What is being asked :: In the listing below, the lines starting at the line with "Perfume, CI 28440 |" and ending at the line with "Super dron itu" are to be output verbatim. Images stay out of the copy.

Records to use ::
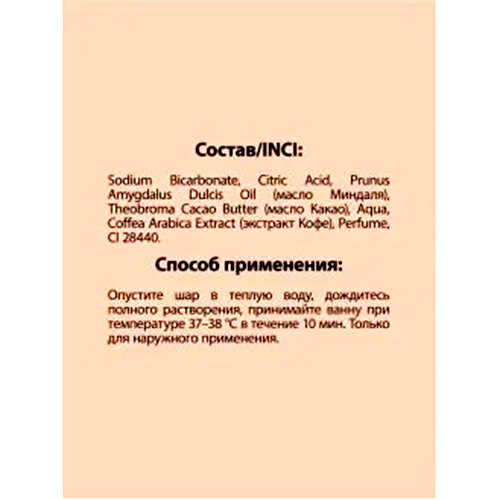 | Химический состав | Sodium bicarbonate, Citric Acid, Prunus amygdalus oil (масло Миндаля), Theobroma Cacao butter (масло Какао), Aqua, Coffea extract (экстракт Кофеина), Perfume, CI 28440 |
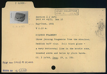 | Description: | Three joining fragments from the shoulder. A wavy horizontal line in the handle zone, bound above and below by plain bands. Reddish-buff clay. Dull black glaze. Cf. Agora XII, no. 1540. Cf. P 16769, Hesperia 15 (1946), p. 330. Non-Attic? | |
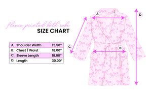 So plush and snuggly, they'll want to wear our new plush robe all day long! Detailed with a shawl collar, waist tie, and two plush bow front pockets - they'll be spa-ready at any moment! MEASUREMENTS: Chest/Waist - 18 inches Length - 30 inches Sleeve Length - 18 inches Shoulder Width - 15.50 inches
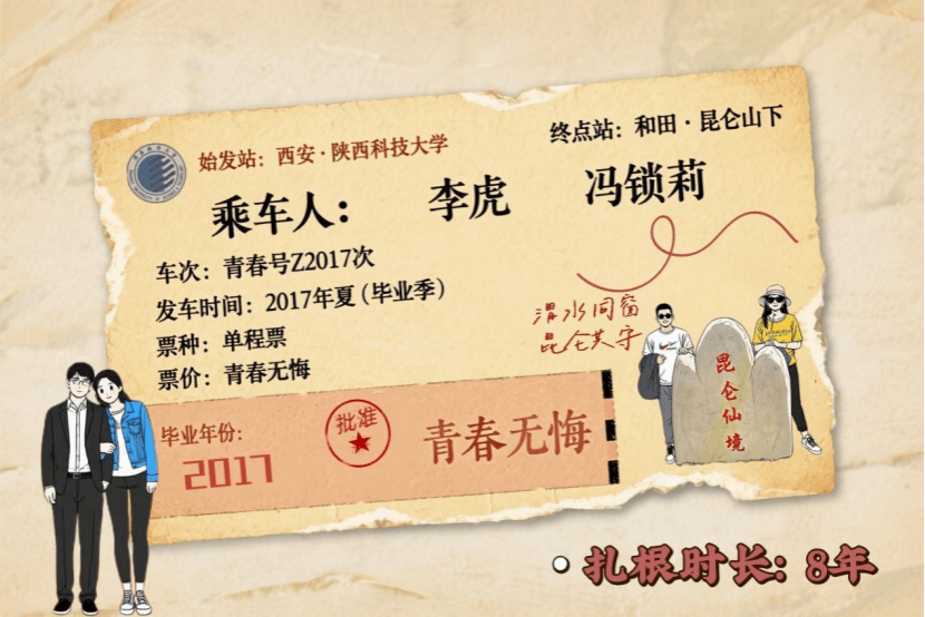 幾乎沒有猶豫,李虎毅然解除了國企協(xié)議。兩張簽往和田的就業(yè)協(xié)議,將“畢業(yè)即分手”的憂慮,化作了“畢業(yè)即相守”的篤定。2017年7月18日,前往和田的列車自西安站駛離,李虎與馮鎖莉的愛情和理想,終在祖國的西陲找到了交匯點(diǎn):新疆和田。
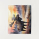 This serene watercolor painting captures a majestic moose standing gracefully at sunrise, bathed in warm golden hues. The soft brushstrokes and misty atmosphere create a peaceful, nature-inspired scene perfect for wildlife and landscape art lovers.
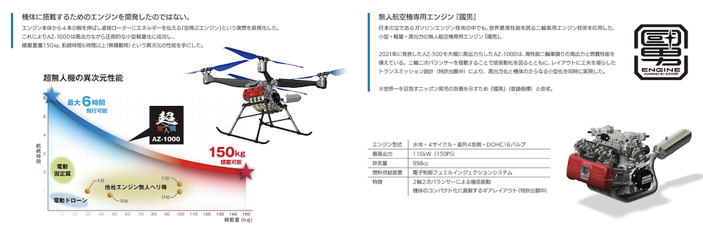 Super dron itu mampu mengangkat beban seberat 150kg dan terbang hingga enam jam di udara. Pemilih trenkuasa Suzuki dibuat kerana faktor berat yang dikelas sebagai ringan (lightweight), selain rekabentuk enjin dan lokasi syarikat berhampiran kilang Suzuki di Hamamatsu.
--
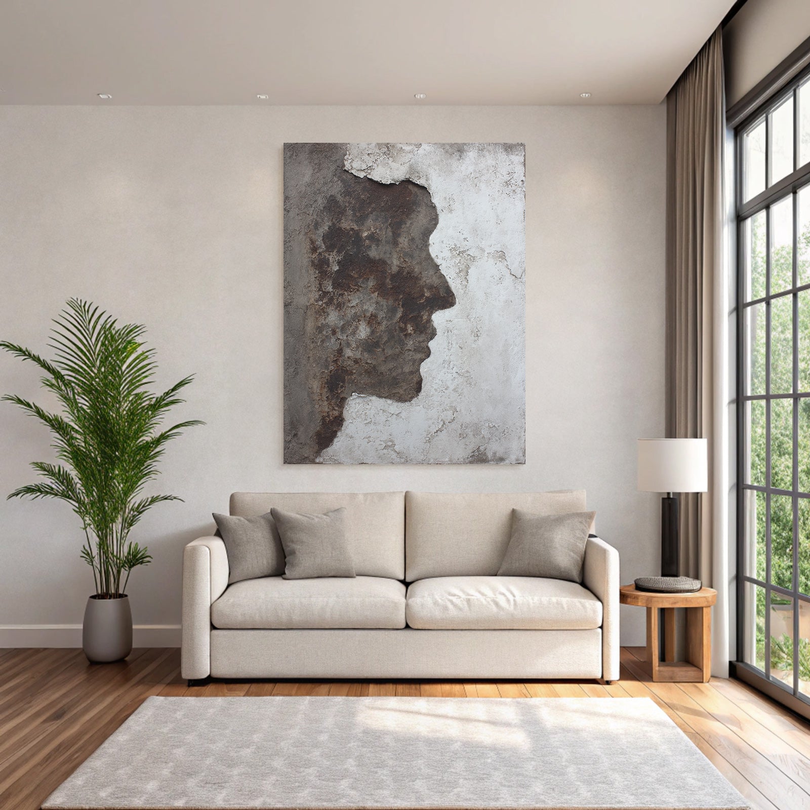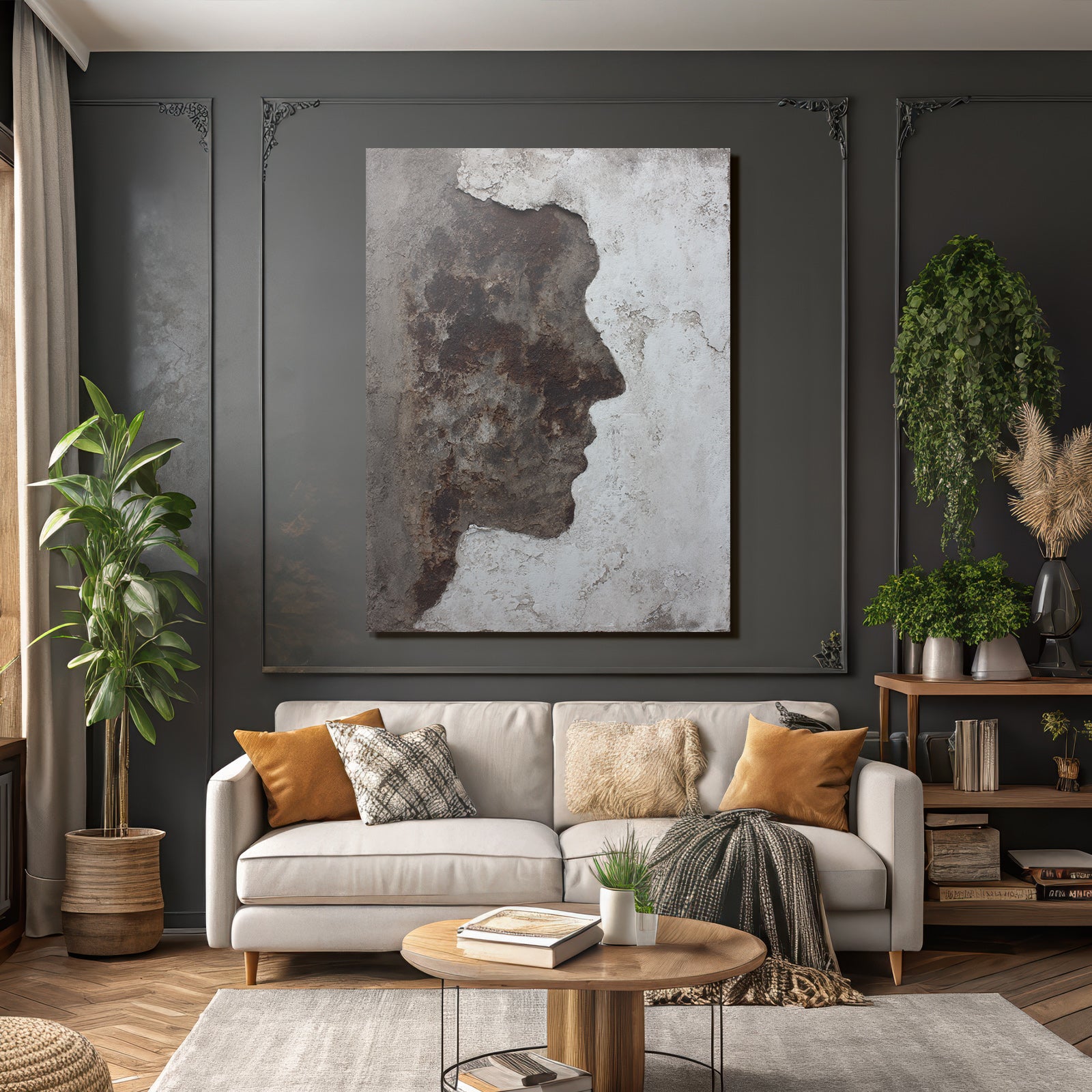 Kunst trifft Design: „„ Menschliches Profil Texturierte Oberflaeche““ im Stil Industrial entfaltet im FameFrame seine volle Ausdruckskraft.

Written response ::
 | Химический состав | Sodium bicarbonate, Citric Acid, Prunus amygdalus oil (масло Миндаля), Theobroma Cacao butter (масло Какао), Aqua, Coffea extract (экстракт Кофеина), Perfume, CI 28440 |
 | Description: | Three joining fragments from the shoulder. A wavy horizontal line in the handle zone, bound above and below by plain bands. Reddish-buff clay. Dull black glaze. Cf. Agora XII, no. 1540. Cf. P 16769, Hesperia 15 (1946), p. 330. Non-Attic? | |
 So plush and snuggly, they'll want to wear our new plush robe all day long! Detailed with a shawl collar, waist tie, and two plush bow front pockets - they'll be spa-ready at any moment! MEASUREMENTS: Chest/Waist - 18 inches Length - 30 inches Sleeve Length - 18 inches Shoulder Width - 15.50 inches
 幾乎沒有猶豫,李虎毅然解除了國企協(xié)議。兩張簽往和田的就業(yè)協(xié)議,將“畢業(yè)即分手”的憂慮,化作了“畢業(yè)即相守”的篤定。2017年7月18日,前往和田的列車自西安站駛離,李虎與馮鎖莉的愛情和理想,終在祖國的西陲找到了交匯點(diǎn):新疆和田。
 This serene watercolor painting captures a majestic moose standing gracefully at sunrise, bathed in warm golden hues. The soft brushstrokes and misty atmosphere create a peaceful, nature-inspired scene perfect for wildlife and landscape art lovers.
 Super dron itu mampu mengangkat beban seberat 150kg dan terbang hingga enam jam di udara. Pemilih trenkuasa Suzuki dibuat kerana faktor berat yang dikelas sebagai ringan (lightweight), selain rekabentuk enjin dan lokasi syarikat berhampiran kilang Suzuki di Hamamatsu.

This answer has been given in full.